No tragedy, statistic or public opinion poll will prompt Washington lawmakers to pass even the most rudimentary gun control measures. Too many of them are beholden to or fearful of the National Rifle Association. So Americans have understandably given up on Congress. President Barack Obama has, too. After repeatedly and unsuccessfully encouraging lawmakers to send any reform to his desk, he is now rightly doing what he can on his own.
Though Obama’s authority is limited, his proposals are a good start. And they provide an example for lawmakers to build on — assuming they ever muster the courage. President Obama is announcing a series of executive actions aimed at curbing gun violence in the U.S. Here is what you need to know about the decision that is already being met with mixed emotions.
SAN JOSE MERCURCY NEWS EDITORIAL
President Obama gave Congress every opportunity to do something to curb gun violence. Lawmakers’ utter failure — cowering before the National Rifle Association — left the president no choice but to use his executive authority. The common-sense measures he is pursuing will at least help keep guns out of the hands of people just about everyone believes shouldn’t have them.
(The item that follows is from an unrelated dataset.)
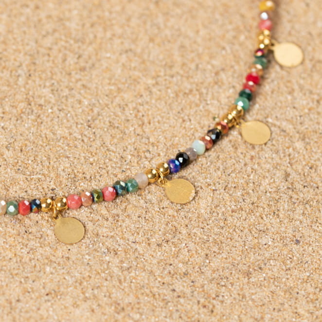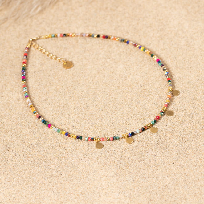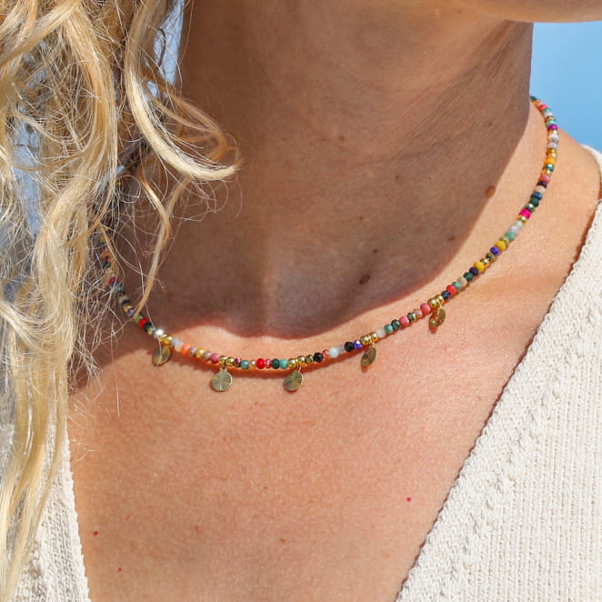 Sublimez votre style avec le collier Rakam ! Ce bijou fantaisie, délicatement orné de perles multicolores et de pendentifs dorés, ajoute une touche bohème chic à toutes vos tenues. Que ce soit pour une escapade décontractée ou une sortie élégante, ce collier léger et coloré deviend votre accessoire incontournable. Laissez-vous séduire par son charme irrésistible.

While Republicans are lambasting the president’s action, the latest CBS News/New York Times poll found 92 percent of Americans — including 87 percent of Republicans — favor background checks for all gun buyers.
House Speaker Paul Ryan used to be among them. Two years ago he said closing the loophole was a “reasonable” and “obvious” thing to do. But Monday, he joined the GOP chorus of NRA acolytes.
California has required background checks for all sales for years, but many guns used in crimes here were purchased in neighboring states such as Nevada. For that reason, a national law could help make California safer, too.
The president always has been clear that he respects gun owners’ rights. “I believe in the Second Amendment. It’s there written on paper. It guarantees the right to bear arms,” Obama said Tuesday. “No matter how much people try to twist my words around, I taught constitutional law, I know a little bit about this. I get it. This is not a plot to take away everybody’s guns.”
Instead, it is an effort to reduce gun violence by those who have no business possessing a weapon, and the American people overwhelmingly support the idea. Congress and the NRA have no business opposing it.
AURORA SENTINEL EDITORIAL
Few places such as Aurora and Newtown, Conn., can appreciate President Barack Obama’s emotional response Tuesday to the tragedy of gun violence and the need to do something as a society to keep others from suffering our unenviable fate.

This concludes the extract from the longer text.